1. ## Parametric representation/Lagrange

Let p0, p1, and p2 be points in the plane.

a) Specify a parametric representation of a planar curve C(t)
that satisfies C(t0) = p0, C(t1) = p1, and C(t2) = p2.
The components of C should be quadratic polynomials in t.

having alot of trouble with this. Im not quite sure where to begin.

2. If you set the x coordinate to $at^2+bt+c$, and substitute the x-coordinate part of each of your three conditions, you get three equations of the form $at_i^2+bt_i+c=\text{x coordinate of }p_i$. Since the $t_i$ and $p_i$ are known values, you have 3 equations in the three unknowns a, b, and c. Then you do the same thing for the y coordinate.

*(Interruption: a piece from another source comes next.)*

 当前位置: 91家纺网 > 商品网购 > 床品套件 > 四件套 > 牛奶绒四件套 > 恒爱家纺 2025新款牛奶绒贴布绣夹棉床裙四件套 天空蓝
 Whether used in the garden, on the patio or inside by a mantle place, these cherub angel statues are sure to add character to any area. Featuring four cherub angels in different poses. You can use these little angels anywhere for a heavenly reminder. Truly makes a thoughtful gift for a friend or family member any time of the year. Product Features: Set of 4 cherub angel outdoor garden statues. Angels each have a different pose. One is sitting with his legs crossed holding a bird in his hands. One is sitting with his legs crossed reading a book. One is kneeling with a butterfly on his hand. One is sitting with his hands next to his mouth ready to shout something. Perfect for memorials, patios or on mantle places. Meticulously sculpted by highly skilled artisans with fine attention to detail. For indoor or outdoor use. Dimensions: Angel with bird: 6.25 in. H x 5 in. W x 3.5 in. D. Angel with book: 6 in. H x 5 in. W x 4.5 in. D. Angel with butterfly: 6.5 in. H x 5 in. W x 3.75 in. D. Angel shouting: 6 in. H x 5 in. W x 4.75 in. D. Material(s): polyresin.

You might find this simpler than solving 3 equations in 3 unknowns (twice):
Lagrange polynomial - Wikipedia, the free encyclopedia

Post again in this thread if you're still having trouble.

- Hollywood

3. Originally Posted by hollywood
If you set the x coordinate to $at^2+bt+c$, and substitute the x-coordinate part of each of your three conditions, you get three equations of the form $at_i^2+bt_i+c=\text{x coordinate of }p_i$. Since the $t_i$ and $p_i$ are known values, you have 3 equations in the three unknowns a, b, and c. Then you do the same thing for the y coordinate.

You might find this simpler than solving 3 equations in 3 unknowns (twice):
Lagrange polynomial - Wikipedia, the free encyclopedia

Post again in this thread if you're still having trouble.

- Hollywood
yes im having trouble setting this up.
i got help for another question in this thread.

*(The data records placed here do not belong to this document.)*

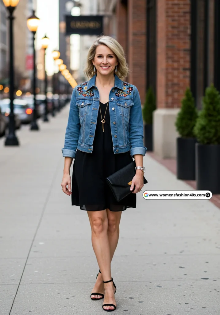 The cropped denim jacket with embroidery adds a unique flair to any outfit. I layered it over a black shift dress for an evening out. The black ankle strap heels and clutch bag kept the look elegant, making it perfect for dinner dates or evening events.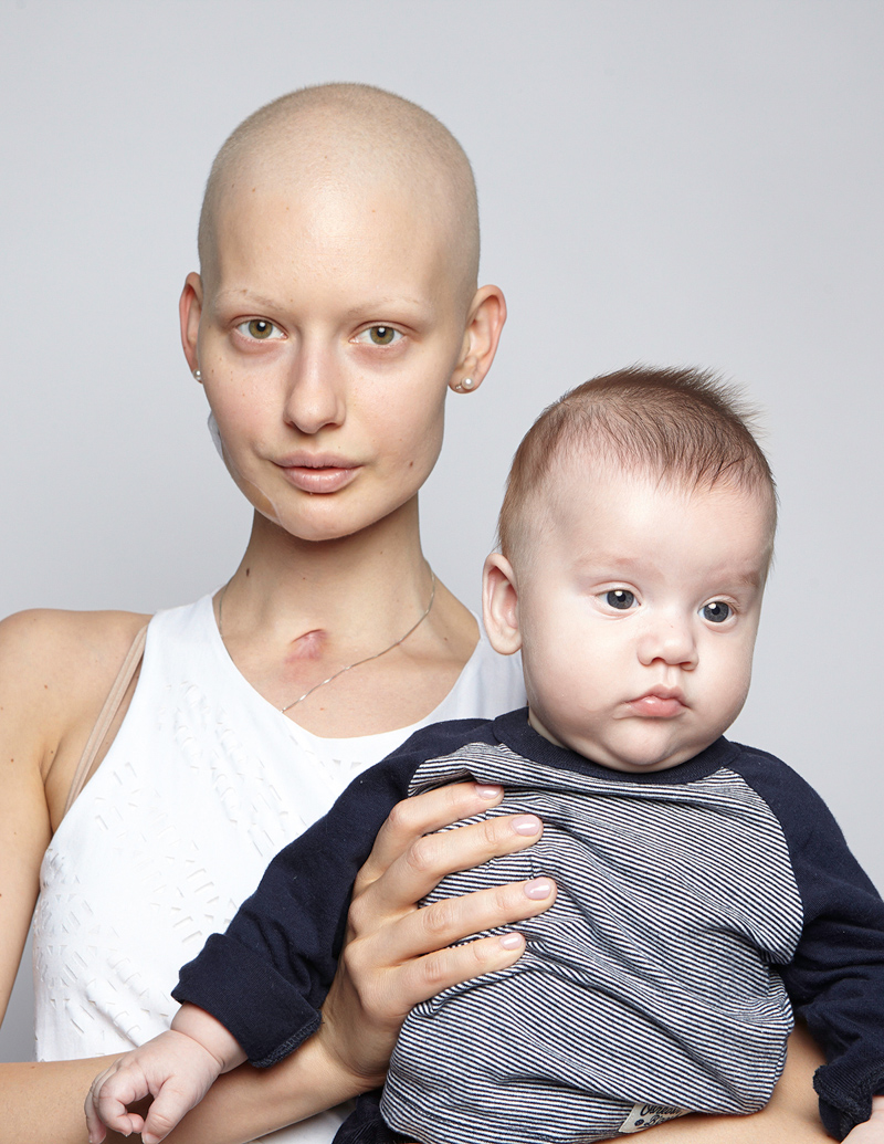 It took 16 hours of intensive surgery to remove her jaw and reconstruct it using her fibula and skin grafts from her right leg and shoulder. Ninety-five percent of her jaw was removed – that’s a full 17 centimetres of bone. She knew that this would put an end to her modeling career; and asked her husband to throw a blanket over the bathroom mirror during her recovery. It took her nearly a month to work up enough courage to stare at her own reflection.
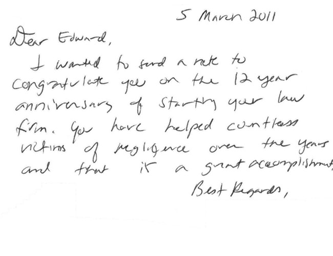 I just wanted to thank you for all of your hard work in handling my case. I am so grateful for everything you and Megan did. I am very pleased with the outcome. Ed did an amazing job at my mediation yesterday. I will be recommending anyone that comes my way to your firm.

http://www.mathhelpforum.com/math-he...rpolation.html

is it similar?

is it:

x(t) = C0(t)x0 + C1(t)x1 + C2(t)x2
y(t) = C0(t)y0 + C1(t)y1 + C2(t)y2

or am i way off?

4. It is the same as the other thread, except you have both x and y to solve, and you have variables instead of numbers.

Let $p_0=(x_0,y_0)\text{, }p_1=(x_1,y_1)\text{, and }p_2=(x_2,y_2)$.

Also, let $C(t)=(x(t),y(t))$.

So we are looking for:

$x(t)\text{ satisfying }x(t_0)=x_0\text{, }x(t_1)=x_1\text{, and }x(t_2)=x_2$, and

$y(t)\text{ satisfying }y(t_0)=y_0\text{, }y(t_1)=y_1\text{, and }y(t_2)=y_2$.

Each of these is solved by the same process as the other thread. For the x-coordinate:

$x(t)=x_0\ \frac{t-t_1}{t_0-t_1}\ \frac{t-t_2}{t_0-t_2}+x_1\ \frac{t-t_0}{t_1-t_0}\ \frac{t-t_2}{t_1-t_2}+x_2\ \frac{t-t_0}{t_2-t_0}\ \frac{t-t_1}{t_2-t_1}$

and of course the y-coordinate is similar.

- Hollywood

5. Originally Posted by hollywood
It is the same as the other thread, except you have both x and y to solve, and you have variables instead of numbers.

Let $p_0=(x_0,y_0)\text{, }p_1=(x_1,y_1)\text{, and }p_2=(x_2,y_2)$.

Also, let $C(t)=(x(t),y(t))$.

So we are looking for:

$x(t)\text{ satisfying }x(t_0)=x_0\text{, }x(t_1)=x_1\text{, and }x(t_2)=x_2$, and

$y(t)\text{ satisfying }y(t_0)=y_0\text{, }y(t_1)=y_1\text{, and }y(t_2)=y_2$.

Each of these is solved by the same process as the other thread. For the x-coordinate:

$x(t)=x_0\ \frac{t-t_1}{t_0-t_1}\ \frac{t-t_2}{t_0-t_2}+x_1\ \frac{t-t_0}{t_1-t_0}\ \frac{t-t_2}{t_1-t_2}+x_2\ \frac{t-t_0}{t_2-t_0}\ \frac{t-t_1}{t_2-t_1}$

and of course the y-coordinate is similar.

- Hollywood
oh ok so by doing it for the x and for the y ill get $C(t)=(x(t),y(t))$?

where x(t) and y(t) will be a function?

6. Yes, that's correct.

- Hollywood